Enter these dimensions in the MATLAB code and choose a step size of 0.08 millimeters. Make sure the animal’s heart and respiratory rates are stable, then run the MATLAB code.
After image acquisition, export the data as raw XML files and convert them into MAT files. Make sure to input the number of frames, step size, and output resolution. Then re-sample the matrix in through-plane.
Import the new MAT file into the 3D strain analysis code. It may be necessary to rescale the file to reduce the computation time. Then, input the region to be analyzed. Approximate the number of pixels in a two-dimensional slice of the tracked feature and select the mesh template either as a simple box or manually chosen polygons. Choose the optimal pixel number for the mesh size. Compute the Jacobians and the gradients. Repeat for each region. Then apply the warping function.
Next, using Cartesian deformations calculated from DDE, determine the eigenvalues and eigenvectors of the deformation. Then, select the slices that you want to plot strain values for by scrolling through the long axis, sort axis, and coronal axis views.
Press Select Manifold for Analysis. Then use the cursor to place markers along the aortic wall, including the thrombus, aneurysm, and healthy parts of the aorta. Repeat for all views. Finally, use color mapping to plot the results of the strain field over the region of interest.
Let us have a close look at the example of an angiotensin II-induced suprarenal dissecting abdominal aortic aneurysm acquired from a mouse. First, multiple short axis ECG-gated kilohertz visualization loops are obtained at a given step size along the aorta and combined to create 4D data.
After performing 3D strain calculation using an optimized warping function, the 3D slice visualization plot of the infrarenal aorta is obtained. The color map of principal green strain is overlaid to highlight regions of heterogeneous aortic wall strain. In addition, long axis and short axis views reveal heterogeneous spatial variations in strain, particularly when a thrombus is present.

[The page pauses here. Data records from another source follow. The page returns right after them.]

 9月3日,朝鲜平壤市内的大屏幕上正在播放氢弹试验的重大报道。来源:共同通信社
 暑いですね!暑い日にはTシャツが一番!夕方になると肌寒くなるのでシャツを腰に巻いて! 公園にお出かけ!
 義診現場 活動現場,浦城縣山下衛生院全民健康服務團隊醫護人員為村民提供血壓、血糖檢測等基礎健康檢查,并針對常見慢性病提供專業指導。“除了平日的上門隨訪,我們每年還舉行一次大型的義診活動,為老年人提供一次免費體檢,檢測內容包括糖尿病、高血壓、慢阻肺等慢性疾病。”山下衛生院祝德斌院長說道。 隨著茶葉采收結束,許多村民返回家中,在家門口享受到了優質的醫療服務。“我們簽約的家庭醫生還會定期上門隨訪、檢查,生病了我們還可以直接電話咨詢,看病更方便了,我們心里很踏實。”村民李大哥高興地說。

Corresponding strain plots show higher strain values in healthy regions of the aorta in the long axis, while the aneurysmal region shows decreased strain in the short axis.

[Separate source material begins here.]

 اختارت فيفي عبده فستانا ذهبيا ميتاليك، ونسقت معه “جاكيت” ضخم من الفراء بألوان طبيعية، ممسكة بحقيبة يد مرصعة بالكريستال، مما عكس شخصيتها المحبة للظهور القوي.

Accurate quantitative strain visualization using direct deformation estimation is a useful tool used in various biomedical applications.

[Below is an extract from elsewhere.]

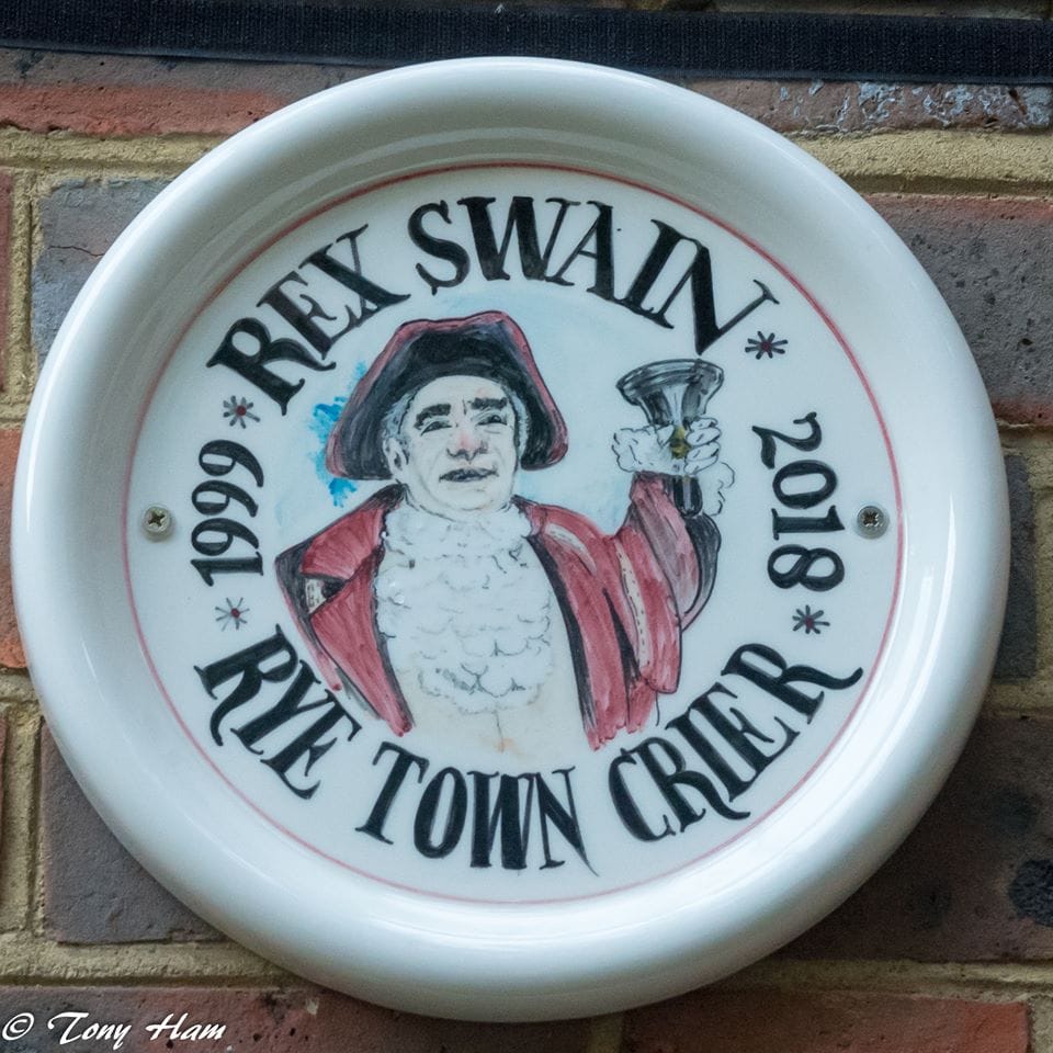 Rye's new Town Crier, Paul Goring, continued the compliments to Rex (extremely loudly) in the Town Hall garden when the Mayor Cllr Michael Boyd unveiled a plaque on the wall commemorating Rex's work.

For instance, cardiac strain can be quantified. During the cardiac cycle, the myocardium undergoes 3D deformation. Quantifying strain in three dimensions is integral to reliably characterizing the dynamics of this tissue over time. This is useful in tracking disease progression in animal models.
Another application is in the characterization of intestinal tissue. In vivo imaging of the intestines is challenging because of the effects from surrounding structures. However, calculating strain from images of intestinal fibrosis could be particularly useful to provide early detection of problematic areas that require surgical intervention.
At a much smaller scale, this DDE method is also applied to the cellular level by using higher resolution imaging techniques such as confocal microscopy. It serves, for example, in the characterization of extracellular matrix to understand how cells communicate under mechanical changes.
You’ve just watched JoVE’s introduction to quantitative strain visualization. You should now understand how to measure three-dimensional strain in biological tissues and how that is used in early disease detection. Thanks for watching!